Van Leigh Tiffin, Jr. (born August 3, 1988) is a former American football kicker. He was signed by the Cleveland Browns as an undrafted free agent in 2010. He played college football at Alabama. Named for his father, he is called Leigh to distinguish him from Van Tiffin.

College career
Tiffin, who wore number 99 for the Alabama Crimson Tide, got his chance to kick as a freshman following a groin injury to starting kicker Jamie Christensen. Tiffin was a hero, kicking the game-winning 47–yard field goal, in Alabama's 13–10 win over Vanderbilt on September 9, 2006. However, two weeks later against a very strong Arkansas team, he would miss three field goals in a 24–23 overtime loss, including the game-tying extra point. Christensen returned to the role the following week against Florida and except for two extra points against Florida International. Tiffin would be benched for the remainder of the season.

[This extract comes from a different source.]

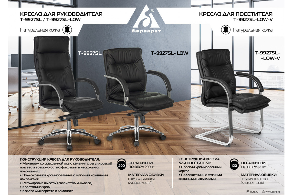Кресло Бюрократ T-9927SL-LOW-V черный кожа низк.спин. полозья металл хром

In 2007, he won the starting placekicking role over Christensen. The highlight of his sophomore year was when he went 4–4 in field goal attempts (39, 51, 29, 50) in a losing effort against Mississippi State. He was only the second kicker in Alabama football history to make two 50+ yard field goals in a game, the other being his father. His four kicks were Alabama's only points of the game. He finished the 2007 season converting all 36 extra point attempts and 25 of 34 field goal attempts.

In the 2008 Chick-fil-A College Kickoff, Tiffin kicked a 54–yard field goal, his career long, in a 34–10 victory over #9-ranked Clemson. He finished the season with 20 of 29 field goals and a semifinalist for the Lou Groza Award.

For the 2009 season, he was 30 for 35 on field goal attempts for 87.9 percent. After kicking a field goal against LSU, he became Alabama's all-time leading scorer with 350 points. That year, he was named Lou Groza Award "Star of the Week" three times and was a finalist for the Groza. In mid-December, Tiffin was named to the Associated Press All-American Team along with five other Crimson Tide players.

Professional career

Cleveland Browns
Tiffin was given a tryout with the Cleveland Browns as an undrafted free agent and agreed to a rookie free agent deal on May 3, 2010. He was waived/injured on May 18 and reverted to injured reserve. He was released from injured reserve with an injury settlement on May 26.

Personal life
Tiffin, born in Muscle Shoals, Alabama, is the son of Mia Michelle (née Self) and Van Leigh Tiffin. His father, known as Van, was a former Crimson Tide kicker who was the hero of the 1985 Iron Bowl against rival Auburn. Leigh Tiffin graduated from Muscle Shoals High School.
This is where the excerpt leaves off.